What Horse Riding Teaches Us About AI Adoption
My daughter climbs into the warm car, frozen after an hour of riding lessons. "Dad, cars are so much easier than horses. They don't want to go anywhere. They just always listen." She had just spent an hour on a horse that kept turning around on the track and mostly did its own thing. And you know what's bizarre? Half an hour earlier, I stood by the fence with numb fingers, scribbling in my notebook: "horses + cars => AI. What we can learn from horse riding in the adoption of AI."
The Illusion of Control
We love our cars because they're predictable. Turn the key, press the pedal, and the machine obeys. No questions asked. No resistance. It's the industrial dream: complete control through mechanical precision.
But horses? Horses have opinions. They have fears, instincts, and a mind of their own. That stubborn horse that kept turning around wasn't being difficult for the sake of it. Maybe something spooked it. Maybe the rider's signals were unclear. Maybe it was testing boundaries, as young horses do. The point is: you can't just force a horse to comply. You have to understand it, work with it, build trust.
And that's exactly where we are with AI right now.
AI Isn't a Car, It's a Horse
We're implementing AI systems with a "car mindset." We expect them to be tools that simply execute our commands. Press a button, get a result. But AI, especially modern large language models and machine learning systems, behaves more like that stubborn horse.
AI systems have their own patterns, biases, and unexpected behaviors. They can surprise you. They can resist in ways you didn't anticipate. They can produce results that make you wonder, "Why did it do that?" And just like with horses, the answer is rarely simple disobedience. It's usually about misaligned expectations, unclear instructions, or fundamental misunderstandings about how the system actually works.
The Three Lessons from the Riding Arena
1. Resistance Is Information
When my daughter's horse kept turning around, the instructor didn't say, "That's a bad horse." She said, "What is the horse trying to tell you?" Resistance is communication.
In AI adoption, when a system doesn't work as expected, our first instinct is often to blame the technology. "The AI is broken." "It doesn't understand." But more often, the resistance is information. The model is revealing biases in your training data. The chatbot is exposing gaps in your documentation. The recommendation system is showing you that your assumptions about user behavior were wrong.

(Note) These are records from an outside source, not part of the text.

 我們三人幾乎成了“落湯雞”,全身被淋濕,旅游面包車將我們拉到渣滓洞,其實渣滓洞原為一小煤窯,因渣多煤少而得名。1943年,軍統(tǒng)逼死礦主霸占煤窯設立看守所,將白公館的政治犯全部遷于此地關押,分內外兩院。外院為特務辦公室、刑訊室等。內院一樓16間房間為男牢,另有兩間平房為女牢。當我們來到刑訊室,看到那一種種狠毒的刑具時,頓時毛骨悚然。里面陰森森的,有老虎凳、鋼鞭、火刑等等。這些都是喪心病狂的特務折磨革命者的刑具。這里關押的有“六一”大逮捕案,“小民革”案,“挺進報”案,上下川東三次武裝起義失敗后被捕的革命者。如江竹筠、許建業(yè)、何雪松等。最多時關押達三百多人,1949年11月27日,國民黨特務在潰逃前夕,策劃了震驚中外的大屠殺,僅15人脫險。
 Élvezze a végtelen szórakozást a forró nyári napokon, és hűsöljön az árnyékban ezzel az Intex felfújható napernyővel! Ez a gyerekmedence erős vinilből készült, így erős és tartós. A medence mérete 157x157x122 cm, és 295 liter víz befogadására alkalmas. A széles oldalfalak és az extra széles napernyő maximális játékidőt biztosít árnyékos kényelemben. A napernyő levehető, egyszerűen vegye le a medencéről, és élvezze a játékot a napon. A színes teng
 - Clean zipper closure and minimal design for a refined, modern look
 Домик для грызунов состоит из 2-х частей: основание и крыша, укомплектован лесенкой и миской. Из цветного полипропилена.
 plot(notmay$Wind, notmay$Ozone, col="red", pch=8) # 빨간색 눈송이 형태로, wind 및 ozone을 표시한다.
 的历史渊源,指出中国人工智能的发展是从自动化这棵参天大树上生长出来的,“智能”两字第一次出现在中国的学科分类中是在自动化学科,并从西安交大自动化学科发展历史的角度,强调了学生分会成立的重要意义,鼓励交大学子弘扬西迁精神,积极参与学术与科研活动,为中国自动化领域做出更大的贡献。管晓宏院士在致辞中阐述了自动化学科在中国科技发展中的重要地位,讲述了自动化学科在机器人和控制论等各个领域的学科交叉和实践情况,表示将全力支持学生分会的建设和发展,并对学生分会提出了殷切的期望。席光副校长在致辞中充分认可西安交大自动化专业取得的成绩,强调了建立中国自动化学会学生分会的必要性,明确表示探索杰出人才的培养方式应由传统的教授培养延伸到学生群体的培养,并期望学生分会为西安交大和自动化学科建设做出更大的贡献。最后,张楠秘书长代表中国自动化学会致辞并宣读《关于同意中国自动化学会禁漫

Don't fight the resistance. Listen to it.
2. Trust Takes Time
You can't rush trust with a horse. It takes consistent, patient interaction. Clear communication. Proving yourself reliable. The same applies to AI adoption in organizations.

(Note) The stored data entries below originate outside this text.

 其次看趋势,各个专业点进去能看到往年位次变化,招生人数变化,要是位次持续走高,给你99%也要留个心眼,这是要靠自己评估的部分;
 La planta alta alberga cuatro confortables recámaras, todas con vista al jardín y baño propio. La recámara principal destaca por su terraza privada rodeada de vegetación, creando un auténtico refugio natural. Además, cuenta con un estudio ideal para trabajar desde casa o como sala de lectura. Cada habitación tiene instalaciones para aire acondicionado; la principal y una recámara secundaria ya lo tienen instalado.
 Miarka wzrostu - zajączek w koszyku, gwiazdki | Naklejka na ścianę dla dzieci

Teams won't trust AI systems overnight, especially when those systems are making decisions that affect their work, their customers, or their reputation. And they shouldn't. Trust must be earned through transparency, consistent performance, and clear understanding of limitations.
The organizations succeeding with AI aren't the ones forcing adoption through mandates. They're the ones investing in education, running careful pilots, celebrating small wins, and being honest about failures. They're building trust, one interaction at a time.
3. Partnership Over Control
The best riders don't dominate their horses. They partner with them. They learn to read subtle signals, adjust their approach, and work with the animal's natural instincts rather than against them.
The best AI implementations follow the same principle. Instead of trying to automate everything and remove humans from the loop, successful organizations are finding the sweet spot: AI augmenting human judgment, not replacing it. Humans providing context and ethical oversight, AI providing speed and pattern recognition.
This isn't about control. It's about collaboration.
The Path Forward
Standing by that fence with cold fingers, watching a young rider struggle with a stubborn horse, I realized something important: we're at the beginning of a long learning curve with AI. Just as humanity spent thousands of years learning to work with horses before we invented cars, we're now learning to work with AI.
The organizations that will thrive aren't the ones treating AI like a simple tool to be controlled. They're the ones approaching it with the wisdom of horse trainers: patience, observation, respect for the system's complexity, and a commitment to partnership over domination.
My daughter eventually got that horse moving in the right direction. Not by pulling harder on the reins, but by adjusting her posture, clarifying her signals, and building a moment of understanding with the animal. That's the lesson.
AI adoption isn't about forcing compliance. It's about building understanding, earning trust, and learning to work together with systems that are far more complex than we initially imagined.
And unlike cars, that complexity isn't a bug. It's a feature. It's what makes these systems powerful enough to be worth the effort.
Now if you'll excuse me, I need to warm up my fingers and update my notebook. There's more to learn from that riding arena than I thought.